Young people don't want to be engineers, according to the latest figures. Education reporter Lyn Barton investigates and asks what schools should be doing to encourage our next generation of engineers

ENGINEERS HAVE an image problem. As far as school pupils are concerned, they are seen as blue-overalled grease monkeys.

The fact is that fewer sixth formers leaving school want to go into the highly-paid and rewarding profession.

This year there was a ten per cent drop in the number of youngsters taking up places at university to study mechanical engineering.

In fact, it was the subject with the biggest fall in interest.

Sciences didn't do any better with the number of sixth formers taking up places on chemistry, physics and biology courses showing an alarming decrease.

The situation is storing up problems for the future, for without top-class, home-grown engineers, who will design and build the Millennium Domes of the future, who will make the breakthroughs in biotechnology and will Britain ever get its own Bill Gates?

"Nationally the figures with respect to science and engineering-based courses are down," said Dr Roger Ash, who is in charge of admissions at Bradford University.

"The image of an engineer is of a person who perhaps comes to fix the central heating wearing blue overalls.
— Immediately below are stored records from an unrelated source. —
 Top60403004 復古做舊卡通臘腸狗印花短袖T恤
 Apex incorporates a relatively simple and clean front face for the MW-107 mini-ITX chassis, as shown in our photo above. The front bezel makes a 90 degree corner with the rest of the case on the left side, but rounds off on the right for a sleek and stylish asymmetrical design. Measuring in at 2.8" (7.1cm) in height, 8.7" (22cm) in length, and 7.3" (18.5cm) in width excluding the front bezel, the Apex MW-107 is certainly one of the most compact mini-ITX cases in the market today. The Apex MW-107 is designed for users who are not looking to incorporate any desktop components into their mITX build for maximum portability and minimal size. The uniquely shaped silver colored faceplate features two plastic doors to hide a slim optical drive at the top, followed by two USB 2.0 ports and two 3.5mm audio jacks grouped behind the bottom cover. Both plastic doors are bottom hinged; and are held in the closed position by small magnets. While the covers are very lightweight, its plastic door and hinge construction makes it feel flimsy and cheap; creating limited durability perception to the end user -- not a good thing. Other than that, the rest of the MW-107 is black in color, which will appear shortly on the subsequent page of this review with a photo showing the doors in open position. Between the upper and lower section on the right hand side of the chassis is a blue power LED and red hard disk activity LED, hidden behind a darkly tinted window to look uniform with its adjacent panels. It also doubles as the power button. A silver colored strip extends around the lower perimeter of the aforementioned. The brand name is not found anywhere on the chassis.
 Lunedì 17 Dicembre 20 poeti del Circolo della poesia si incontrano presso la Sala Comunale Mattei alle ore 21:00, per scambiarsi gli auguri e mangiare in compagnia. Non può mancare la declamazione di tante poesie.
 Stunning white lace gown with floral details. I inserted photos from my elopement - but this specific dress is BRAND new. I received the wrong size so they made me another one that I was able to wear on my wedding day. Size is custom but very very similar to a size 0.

There's nothing wrong with that, but young people are failing to see engineers as highly-skilled professionals who earn a lot of money.
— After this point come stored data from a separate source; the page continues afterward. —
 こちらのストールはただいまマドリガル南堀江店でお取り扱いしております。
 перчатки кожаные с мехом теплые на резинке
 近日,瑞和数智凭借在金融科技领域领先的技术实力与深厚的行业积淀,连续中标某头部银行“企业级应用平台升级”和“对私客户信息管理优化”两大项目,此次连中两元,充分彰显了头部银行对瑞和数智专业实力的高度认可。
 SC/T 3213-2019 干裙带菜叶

"Schools are not getting it over to the students early enough, so that pupils are not seeing it as a rewarding profession."
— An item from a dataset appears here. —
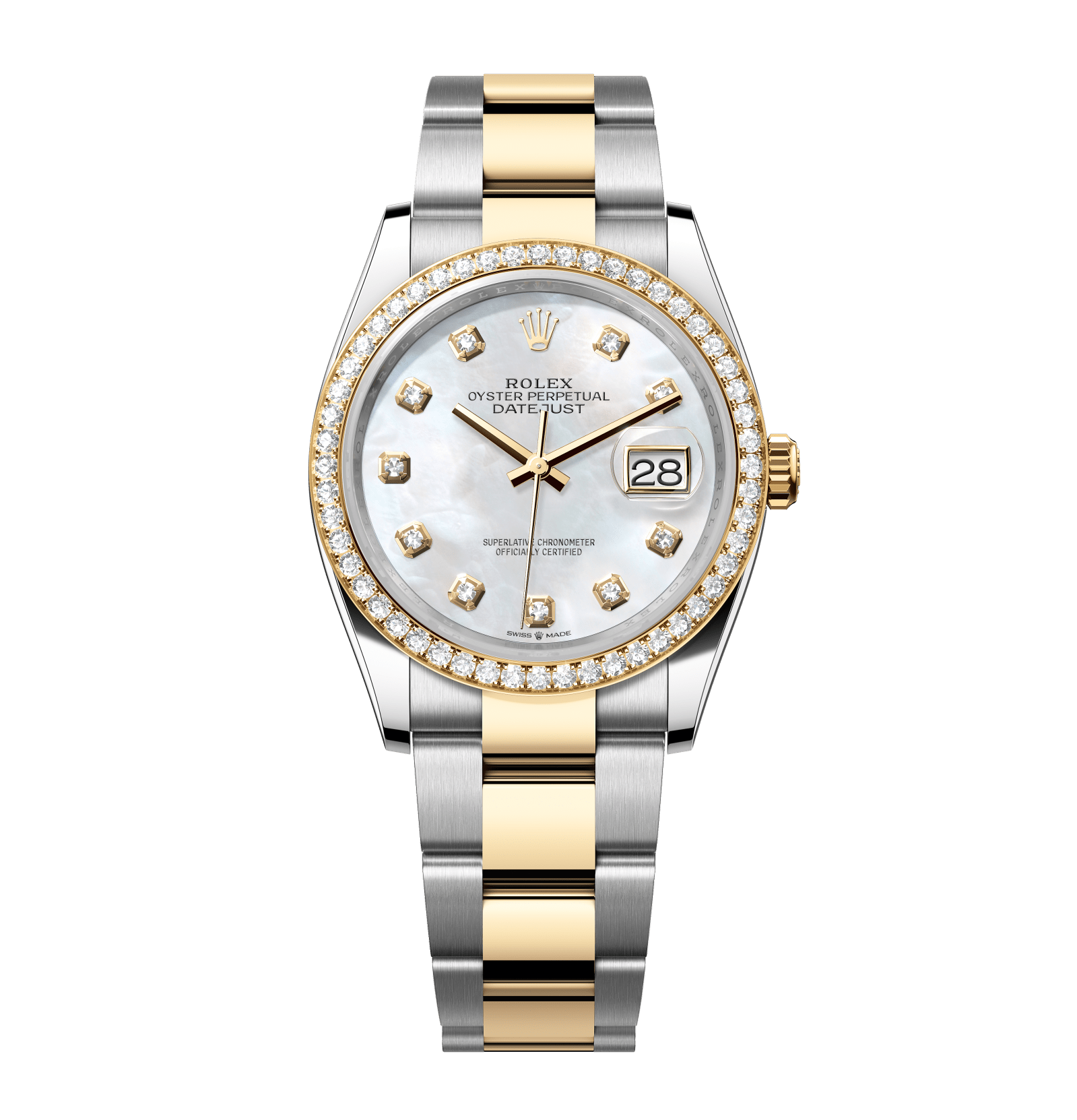 Rolex Datejust – 36 mm – טו טון זהב צהוב רצועת אויסטר באזל יהלומים לוח מטאור לבן יהלומים גימור שוויצרי

The answer is for schools to promote engineering as an exciting, accessible subject.

One school where that has not been a problem is Wyke Manor.

There, the Young Engineers Club was massively oversubscribed with 11 places filled overnight when it was set up a year ago.

Head of Technology, Rod Dyson, says there is still a waiting list of 85 eager young engineers and he is pestered daily about joining up.

"The students really enjoy the challenge of solving problems and making things," he said.

He believes the key to making engineering attractive is tying 'old' skills, like metalwork, with 'new' IT-driven skills, such as using a computer to help solve a design problem.

The jewel in the club's crown is their trophy for winning the 15-to-16 years group of the Young Engineers for Britain with their robot, built to appear on high-tech combat TV programme, Robot Wars.

They also won the Department of Education prize for the best project from a school entering for the first time.

The approach seems to have worked for Daljit Bajral, a 15-year-old who is determined to go into mechanical engineering after taking science-based A-levels.

"I really enjoyed helping build the robot. It took a lot of effort and a lot of time, but it was worth it," he said.

However, many of the keen young engineers are still not convinced.

Harmit Rao, the 16-year-old with the grand title, Chief Designer, does not want to go into engineering.

"I enjoyed working on the project, but I don't think it's something I want to do when I leave school."

Andrew Hields, 14, said he would rather be an architect than an engineer.

Dave Ham is the Bradford Girls' Grammar School teacher behind the bid to break the world land speed record with a diesel-driven car built by students.

He says the point is to make it interesting and relevant.

"Engineering has got to be exciting. The pupils have got to want to do it or there is no point."